What happens if you convert f+lName to UTF8 before you combine them in an UTF8 string?

Well I believe that that was the [quote]TIStream.Encoding = encodings.windowsLatin1[/quote] part for if I’m not mistaking and it was always working until R3 so either something was broken before or something is broken now. I’ll try to do a fresh document and try again to see what result I get.

This is usually due to the string’s encoding not being properly defined. ConvertEncoding can only convert from some known encoding into another. The general rules are actually quite simple: Whenever you fetch some text (like from a database) you define its encoding. Whenever you export some text you convert its encoding (if necessary) to whatever encoding is expected. Everything else is taken care of automagically.

[quote=471258:@Sascha S]I can’t see an issue in your code.

But i see you are reading data from the database as ISOLatin1 and UTF8. Then you combine them using replace statements.

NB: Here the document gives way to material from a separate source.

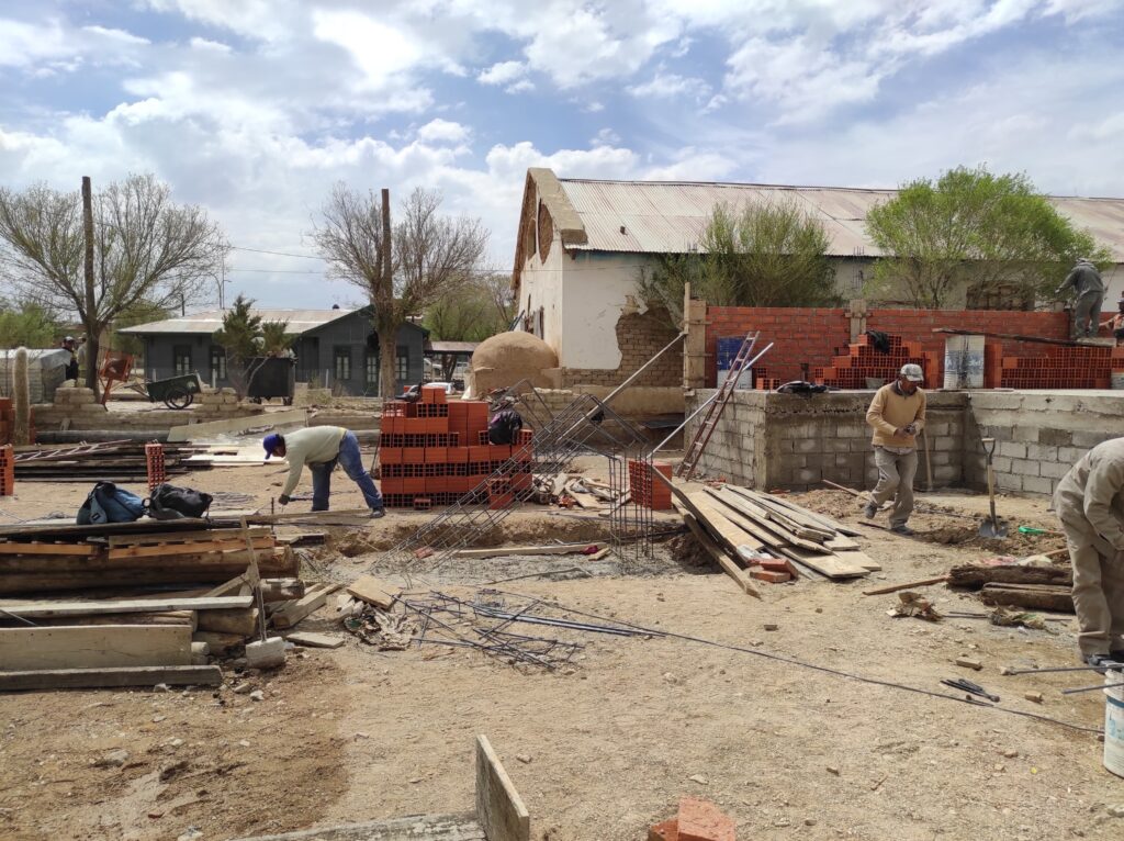 López, además, comentó: «En estos momentos, se está levantando la mampostería para hacer el muro que va a quedar como fondo del escenario, y a su vez, se están preparando los arcos, en el canchón municipal. Los dos arcos que van a cubrir 6 metros del escenario.»

What happens if you convert f+lName to UTF8 before you combine them in an UTF8 string?[/quote]
Well apparently the data supposed to be UTF8 and it was always like that but I did put Latin1 to see if maybe that is the issue as we had that in the past when importing from another app and when I did define the encoding as Latin1 I did not get the weird characters in the IDE Debug part while if I do replace the ISOLatin1 with UTF8 I get [quote]St?hanie[/quote] in the debug window so that seems that some data is Latin1 as I might suspected and only when we get it from another app, but still ConvertEncdoding supposed to Convert it properly once the data was correct or at least supposed to look correct . So my understanding was I get the data Latin1 I know it is Latin1, I convert it to UTF8 and I work with it, maybe I’m doing it wrong in the process. While Define works well convert does not seem to have any effect .

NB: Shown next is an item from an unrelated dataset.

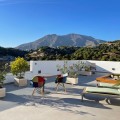 - Exclusive Penthouse in Mirador de Estepona Hills with Unmatched Panoramic Views Introducing a truly spectacular penthouse in the prestigious Mirador de Estepona Hills residential complex. Perfectly oriented to the southwest, this home offers breathtaking 360-degree views of the Mediterranean Sea, Gibraltar, the African coastline, and Marbella’s iconic skyline. Originally designed with three bedrooms and two bathrooms, the property has been meticulously transformed to create a contemporary and versatile layout, featuring approximately 200 m² of interior living space and 200 m² of surrounding terraces. Upon entering, you are welcomed into an elegant open-plan concept: • A spacious designer kitchen to the right combines style and functionality. • To the left, a walk-in dressing room provides convenience and storage. • Behind the kitchen, a generous utility/storage room offers additional flexibility. From the kitchen, you step into a large office space that flows seamlessly onto a private terrace, perfect for installing a jacuzzi or plunge pool, with unparalleled views of Sierra Bermeja. To the left, a bright dining area enclosed with glass curtains invites natural light and panoramic views, providing access to one of the most impressive wrap-around terraces on the Costa del Sol – a perfect setting for year-round outdoor living. The sleeping area, located straight ahead from the entrance, comprises two bedrooms and two bathrooms, including a master suite with its own en-suite bathroom. Additional features include two private parking spaces, two storage rooms, and direct lift access to the penthouse, ensuring absolute privacy and exclusivity. A unique home where luxury meets tranquility – the perfect retreat in the heart of the Costa del Sol.

Well that was the purpose of the tests that I did earlier, as I mentioned in the previous post, some fields were ISOLatin1 so I define them that way, it was showing well in the interface and debug, then converted them in UTF8 and it should do the job but apparently it does not, no idea honestly where else to look and I checked all the code and all the documentation so apparently all is ok but still does not work.

Can you please try the following?

[quote] lName = row.Column(“lName”).StringValue.DefineEncoding(Encodings.ISOLatin1)
lName = lName.ConvertEncoding(Encodings.UTF8)

  fName = row.Column("fName").StringValue.DefineEncoding(Encodings.ISOLatin1)
  fName = fName.ConvertEncoding(Encodings.UTF8)
  
  fContent=fContent.ReplaceAll("<#PGender#>", row.Column("gender").StringValue.DefineEncoding(Encodings.UTF8))
  fContent=fContent.ReplaceAll("<#PlName#>", lName.ConvertEncoding(Encodings.UTF8))
  fContent=fContent.ReplaceAll("<#PfName#>", fName.ConvertEncoding(Encodings.UTF8))[/quote]

This “other App” is writing ISOLatin1 (or similar) into a UTF8 defined db field. Which is totally possible with SQL.

Apparently yes and it was supposed to be fixed to be all UTF8 so I’ll have to check to that side as well .

[quote=471263:@Sascha S]fContent=fContent.ReplaceAll("<#PlName#>", lName.ConvertEncoding(Encodings.UTF8))
fContent=fContent.ReplaceAll("<#PfName#>", fName.ConvertEncoding(Encodings.UTF8))[/quote]

When I do that , the whole word disappears, so nothing is showing anymore in the document the double converting part.

I guess fContent goes into an unknown encoding state if you combine it with different encodings.

Well I did tried

TIStream.Encoding = encodings.windowsLatin1 ' Imported from some WindowsGeneratedRTF File and always worked this way until now. fContent = TIStream.readAll.ConvertEncoding(Encodings.UTF8) but with the same result.